Segment Start: DATA EXCERPTS

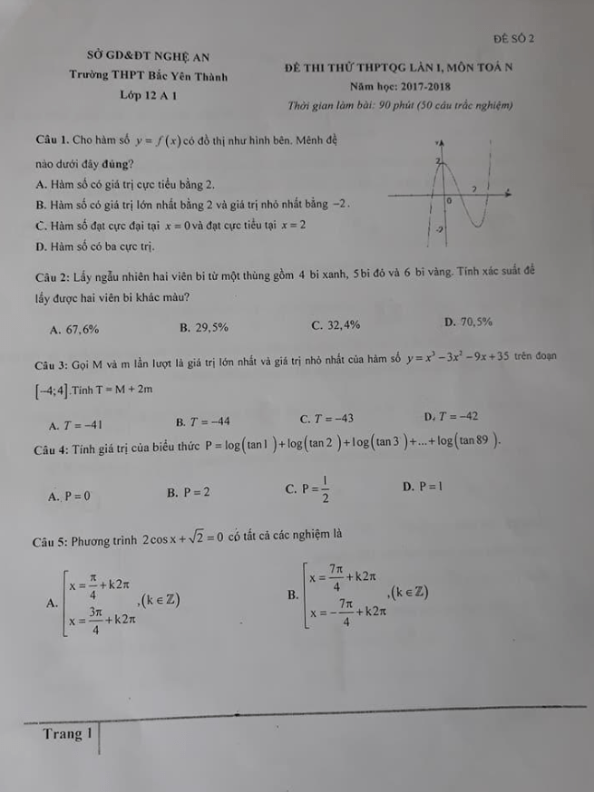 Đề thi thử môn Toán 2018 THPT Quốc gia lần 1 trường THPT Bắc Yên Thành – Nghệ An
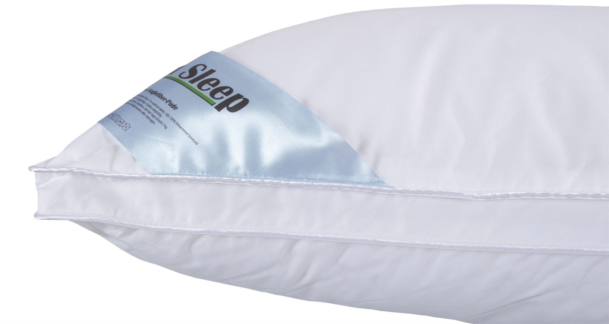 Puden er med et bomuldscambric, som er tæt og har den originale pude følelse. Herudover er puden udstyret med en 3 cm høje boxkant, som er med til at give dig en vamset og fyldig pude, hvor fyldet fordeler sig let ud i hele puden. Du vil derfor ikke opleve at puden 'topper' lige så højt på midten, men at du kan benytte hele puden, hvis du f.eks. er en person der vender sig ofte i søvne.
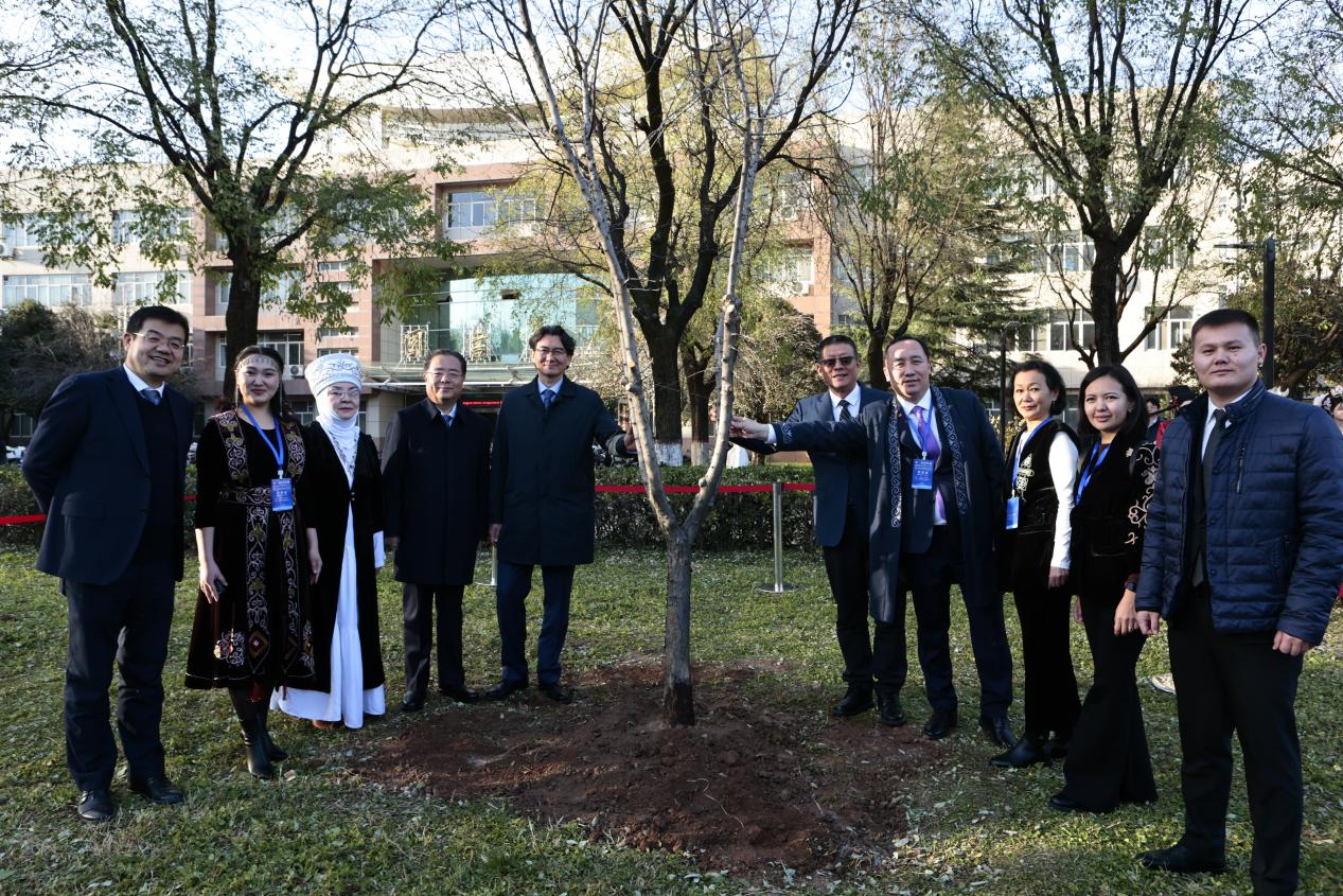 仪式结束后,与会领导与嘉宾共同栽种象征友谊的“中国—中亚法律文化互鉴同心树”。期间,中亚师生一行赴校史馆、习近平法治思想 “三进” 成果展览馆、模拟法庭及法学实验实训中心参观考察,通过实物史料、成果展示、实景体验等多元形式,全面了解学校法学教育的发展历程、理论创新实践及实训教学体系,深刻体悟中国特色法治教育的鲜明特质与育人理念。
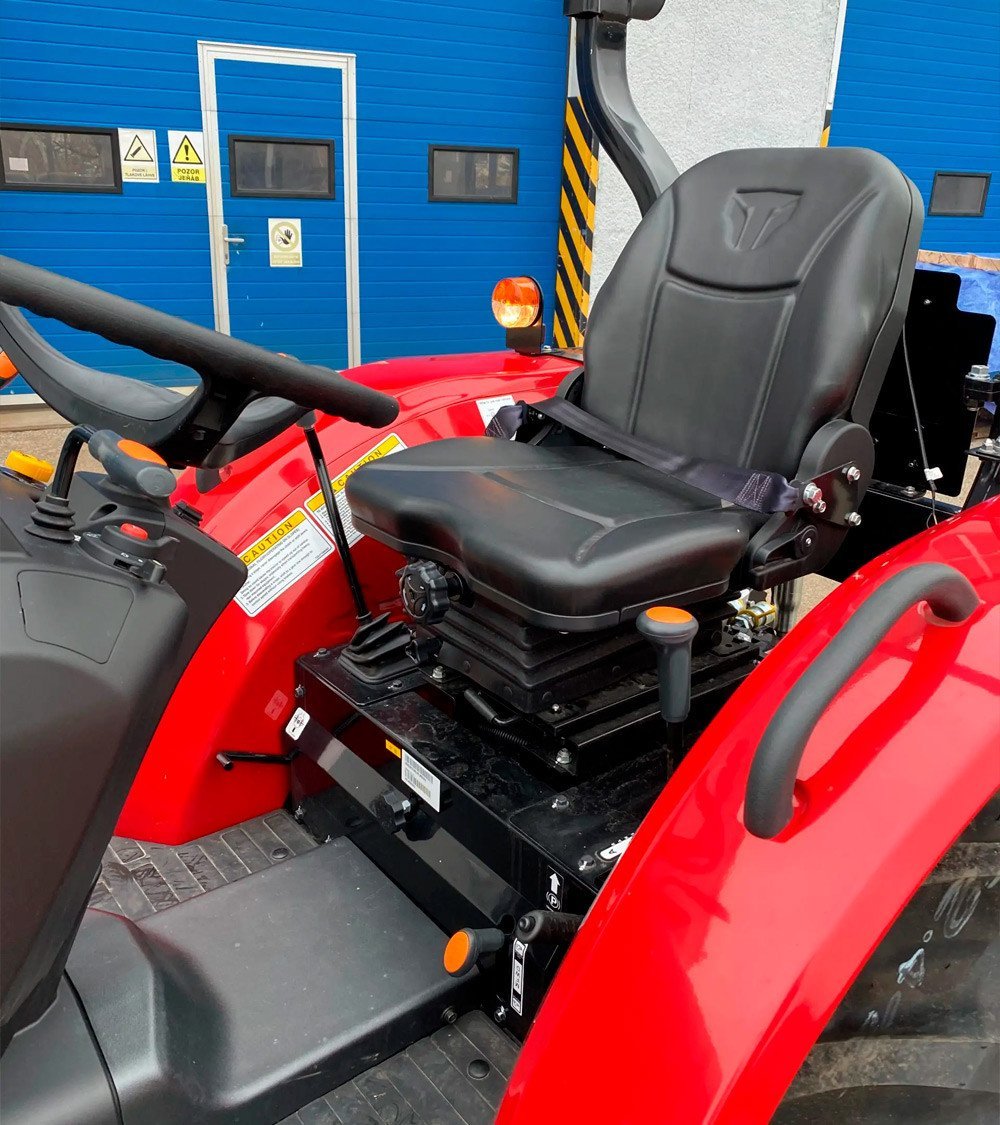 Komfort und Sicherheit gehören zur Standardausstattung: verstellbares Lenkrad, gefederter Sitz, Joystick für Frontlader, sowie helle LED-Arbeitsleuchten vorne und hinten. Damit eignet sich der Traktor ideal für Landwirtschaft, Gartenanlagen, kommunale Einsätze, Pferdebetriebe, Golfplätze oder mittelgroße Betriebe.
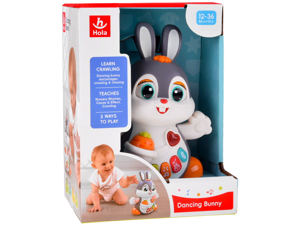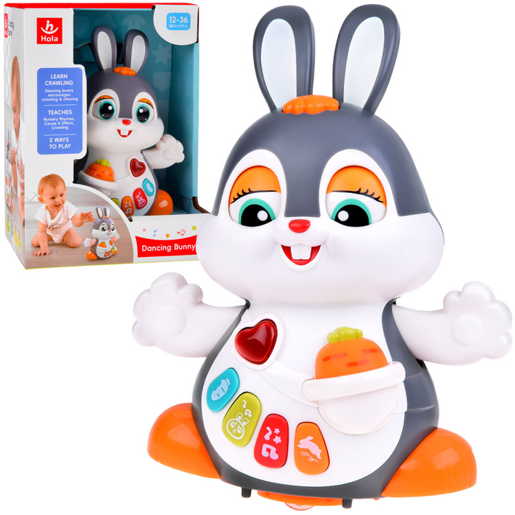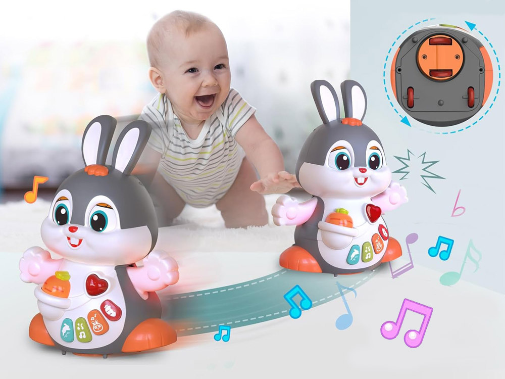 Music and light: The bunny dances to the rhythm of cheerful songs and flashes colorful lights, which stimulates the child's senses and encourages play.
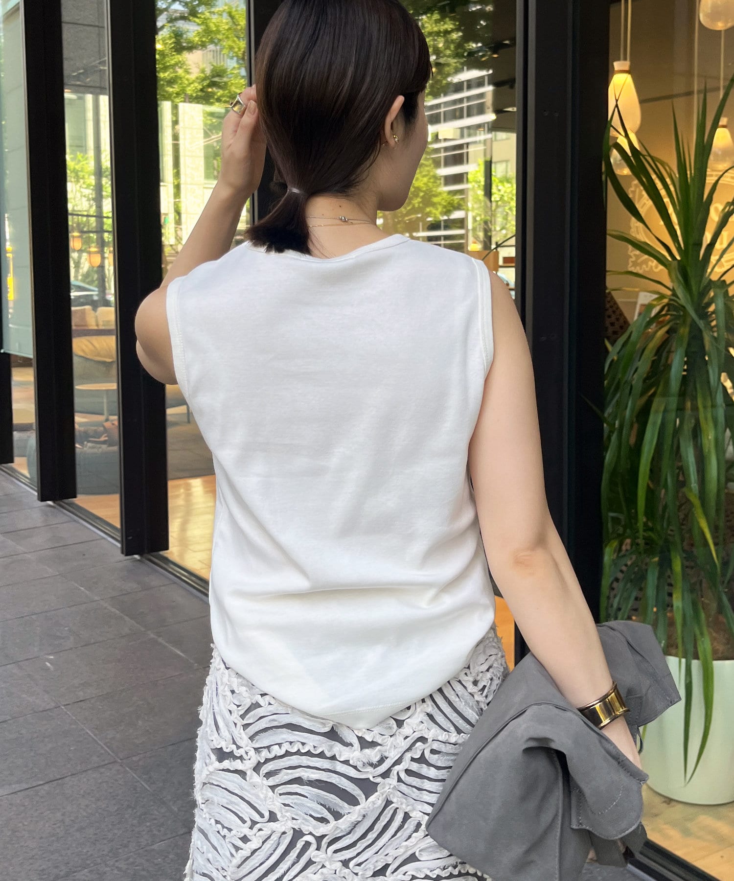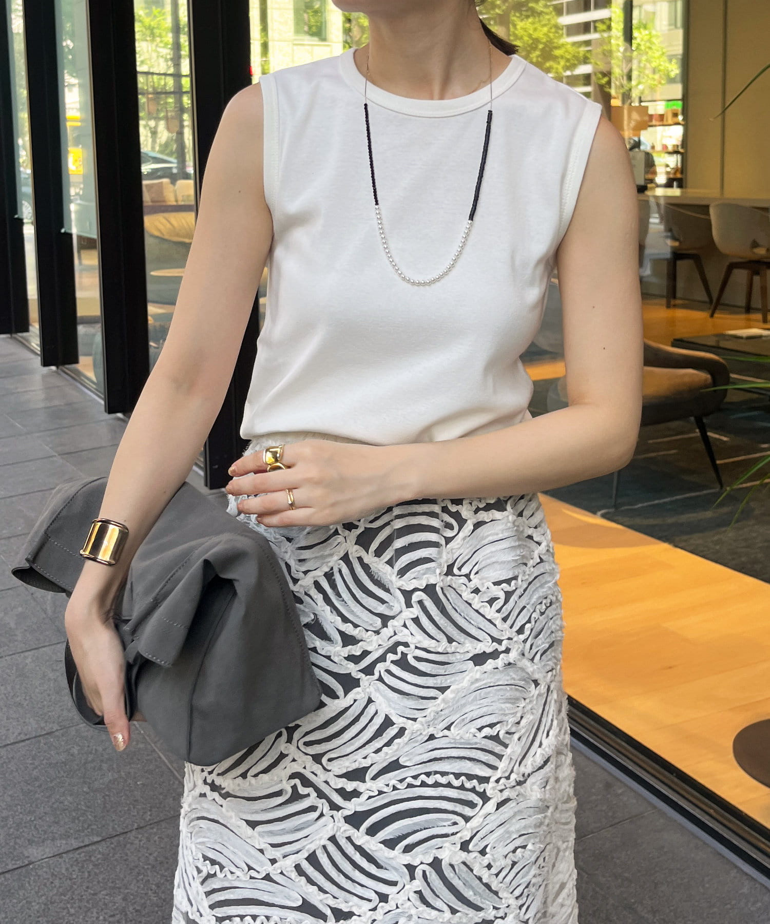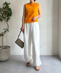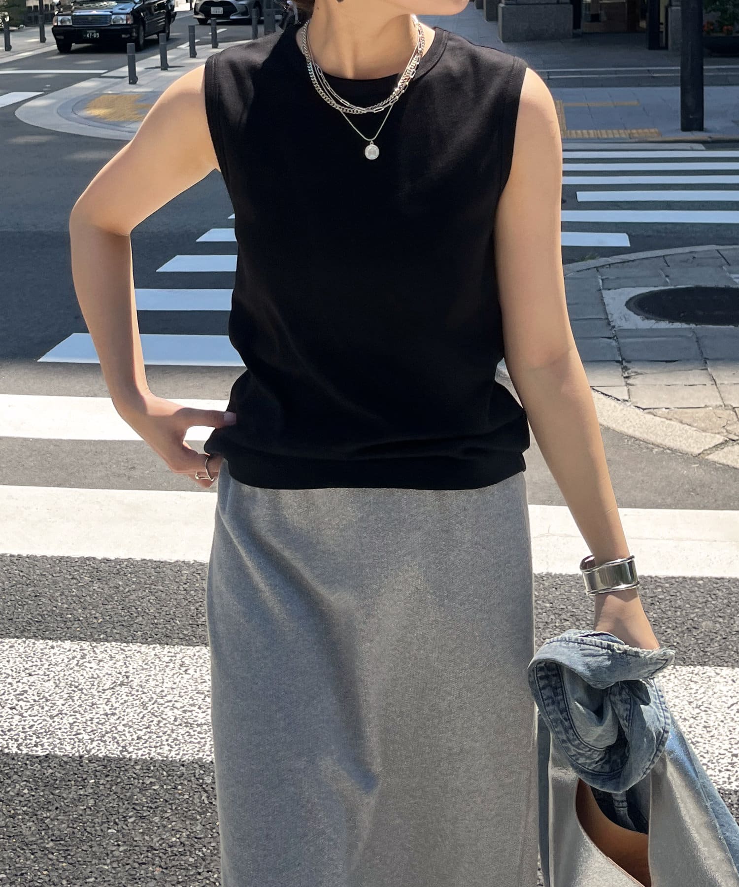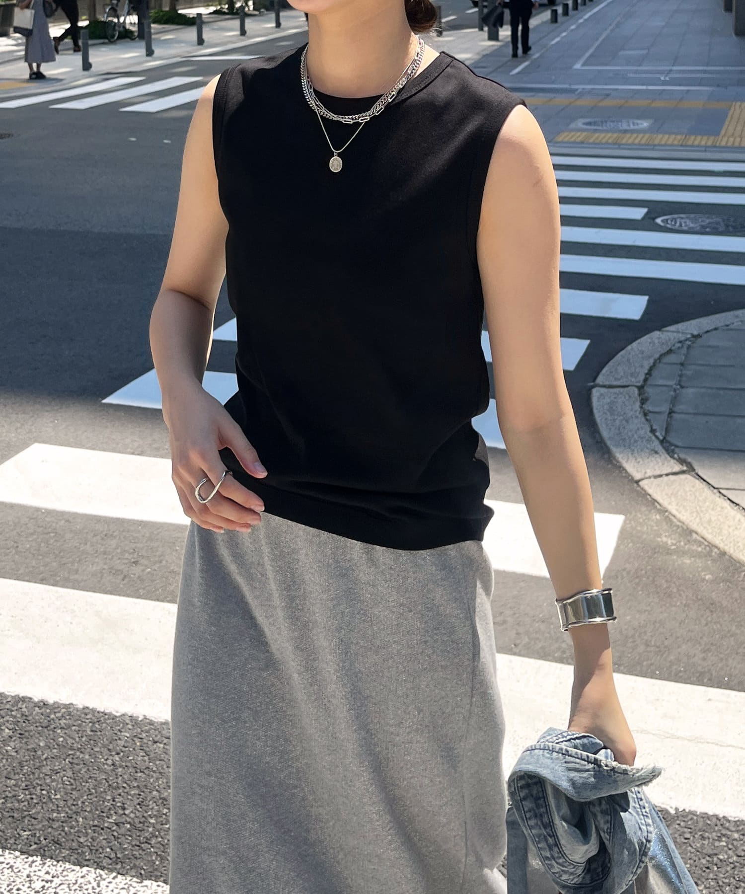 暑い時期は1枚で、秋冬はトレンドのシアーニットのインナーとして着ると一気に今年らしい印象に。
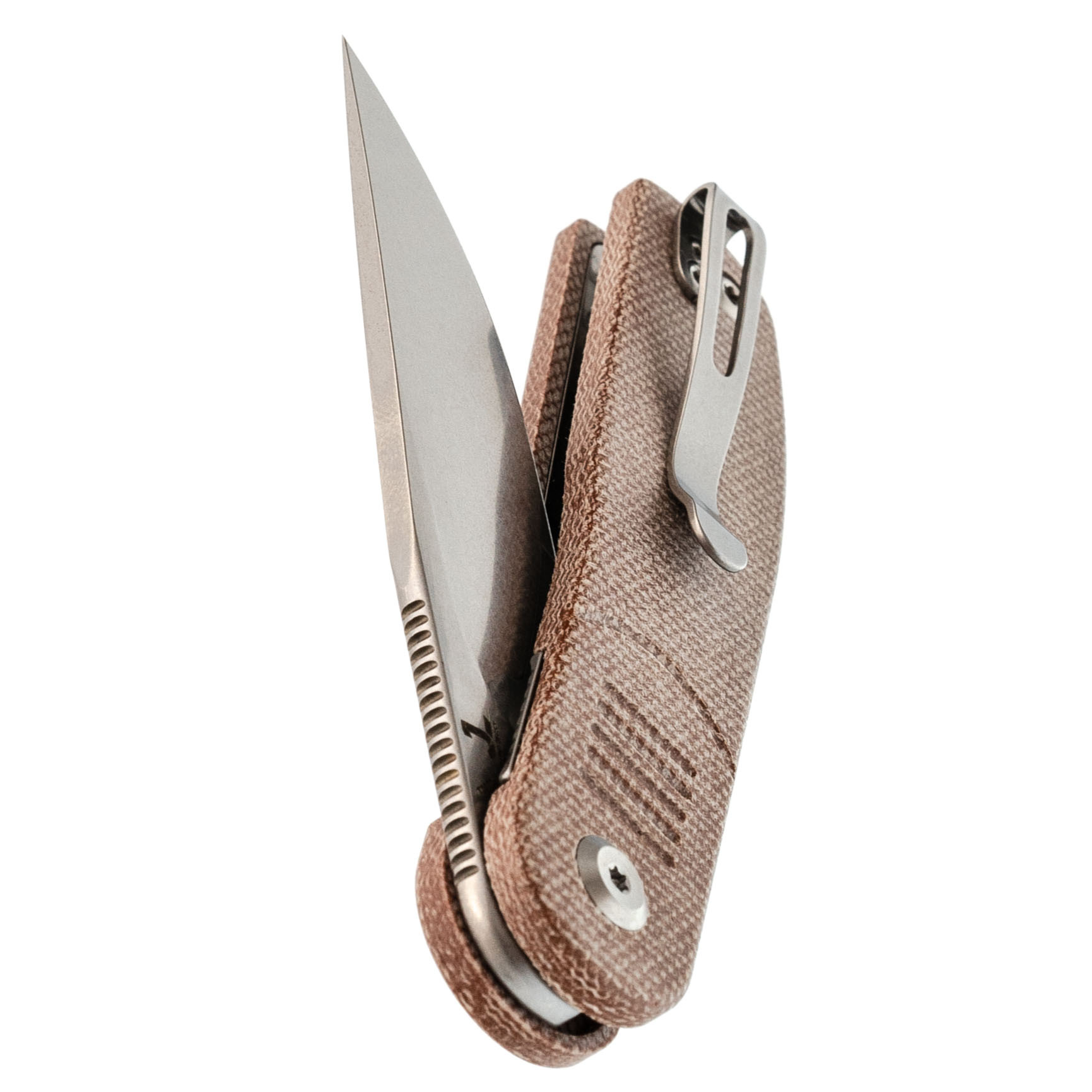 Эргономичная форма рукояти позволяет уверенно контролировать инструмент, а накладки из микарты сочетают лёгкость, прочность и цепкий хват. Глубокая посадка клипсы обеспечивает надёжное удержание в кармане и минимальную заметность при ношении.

Segment End: DATA EXCERPTS

ABOUT THIS EXERCISE →
Copy the whole listing above word for word but do not carry over the pictures.

RESPONSE →
 Đề thi thử môn Toán 2018 THPT Quốc gia lần 1 trường THPT Bắc Yên Thành – Nghệ An
 Puden er med et bomuldscambric, som er tæt og har den originale pude følelse. Herudover er puden udstyret med en 3 cm høje boxkant, som er med til at give dig en vamset og fyldig pude, hvor fyldet fordeler sig let ud i hele puden. Du vil derfor ikke opleve at puden 'topper' lige så højt på midten, men at du kan benytte hele puden, hvis du f.eks. er en person der vender sig ofte i søvne.
 仪式结束后,与会领导与嘉宾共同栽种象征友谊的“中国—中亚法律文化互鉴同心树”。期间,中亚师生一行赴校史馆、习近平法治思想 “三进” 成果展览馆、模拟法庭及法学实验实训中心参观考察,通过实物史料、成果展示、实景体验等多元形式,全面了解学校法学教育的发展历程、理论创新实践及实训教学体系,深刻体悟中国特色法治教育的鲜明特质与育人理念。
 Komfort und Sicherheit gehören zur Standardausstattung: verstellbares Lenkrad, gefederter Sitz, Joystick für Frontlader, sowie helle LED-Arbeitsleuchten vorne und hinten. Damit eignet sich der Traktor ideal für Landwirtschaft, Gartenanlagen, kommunale Einsätze, Pferdebetriebe, Golfplätze oder mittelgroße Betriebe.
 Music and light: The bunny dances to the rhythm of cheerful songs and flashes colorful lights, which stimulates the child's senses and encourages play.
 暑い時期は1枚で、秋冬はトレンドのシアーニットのインナーとして着ると一気に今年らしい印象に。
 Эргономичная форма рукояти позволяет уверенно контролировать инструмент, а накладки из микарты сочетают лёгкость, прочность и цепкий хват. Глубокая посадка клипсы обеспечивает надёжное удержание в кармане и минимальную заметность при ношении.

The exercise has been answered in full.